Car Jeyne ne se remet pas de la naissance de son fils, jamais. Son teint est devenu blême, ses cheveux ne repoussent plus éclatants et ce n'est qu'en touffes maladives qu'elle décide de cacher sous des écharpes richement teintes, et elle ne parvient plus à marcher qu'avec tant d'efforts pour une telle fatigue que c'est bien plus simple et miséricordieux de la porter ou de la laisser au lit.
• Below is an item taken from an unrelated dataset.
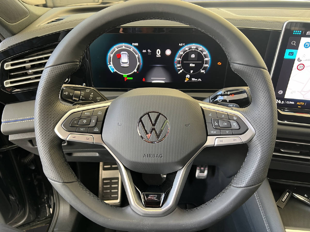 Schlüsselloses Startsystem Keyless Start, Zentralverriegelung mit Funkfernbedienung, Stop + Start System mit Brems-Energie-Rückgewinnung, Elektrische Fensterheber vorne + hinten, Aussenspiegel elektrisch anklappbar mit Memory, Aussenspiegel elektrisch verstellbar und heizbar, Regensensor, LED Heckleuchten, Dachreling silber eloxiert, Leichtmetallräder 19" Coventry, Tire mobility system, Elektronische Parkbremse, Ottopartikelfilter, Airbag Fahrer und Beifahrerseite, Deaktivierung Beifahrerairbag, Kopfairbag vorne und hinten inkl. Seitenairbag vorne, Müdigkeitserkennung, Spurhalteassistent Lane Assist, Spurwechselassistent Side Assist, Park Assist Plus, Verkehrszeichenerkennung, Kindersitz-Vorbereitung Isofix, Automatische Distanzregelung ACC, Rückfahrkamera, Multifunkitonskamera, Reifenkontrollanzeige RKA, ParkPilot vorne + hinten, LED-Plus-Scheinwerfer, Fernlichtregulierung Light Assist, Elektronische Differentialsperre XDS, ESP/ EDS/ ASR/ ABS/ BA, Auto-Hold-Funktion, Klimaanlage Climatronic 3-Zonen, Multifunktions-Sportlenkrad 3-Speichen, Sportsitze vorne, Höhenverstellbare Vordersitze, Lendenwirbelstützen Vordersitze, Rücksitzbank und -lehne asymmetrisch geteilt umklappbar, Lenksäule mit Höhen- und Längseinstellung, Innenspiegel automatisch abblendbar, Mittelarmlehne vorne, Massagefunktion vorne, Textilfussmatten vorne + hinten, Digitaler Radioempfang DAB+, USB-C Anschluss, Digital Cockpit Pro, Security & Service/ Notruf, Wireless App Connect, We Connect, Details siehe gültige Preisliste des Importeurs, Keine Gewähr auf die Angaben der Serienausstattungen

Jon regarde son épouse et la culpabilité lui ronge les entrailles. Son père était davantage préoccupé de son instruction politique et militaire, mais ne l'a pas moins informé des devoirs et des responsabilités qui lui incomberaient une fois qu'il aurait pris femme. Elle viendra à toi afin que tu l'honores, que tu la guides, que tu la protèges. Garde constamment cela en mémoire, et n'y manque jamais, peu importe l'occasion.

Ce que Jeyne s'est infligée… ce que Jon lui a permis de s'infliger… était-ce correct ? Était-ce honorable, de contraindre sa femme à sacrifier son corps, à se ruiner la santé, tout ça pour lui donner un successeur ? Même si la lignée de Jon venait à s'éteindre, il y a toujours le fils de son frère Ronnel, le petit Elbert, qui promet bien, et après lui ser Denys, aussi honorable et courtois qu'il sied à un vrai chevalier et rejeton Andal.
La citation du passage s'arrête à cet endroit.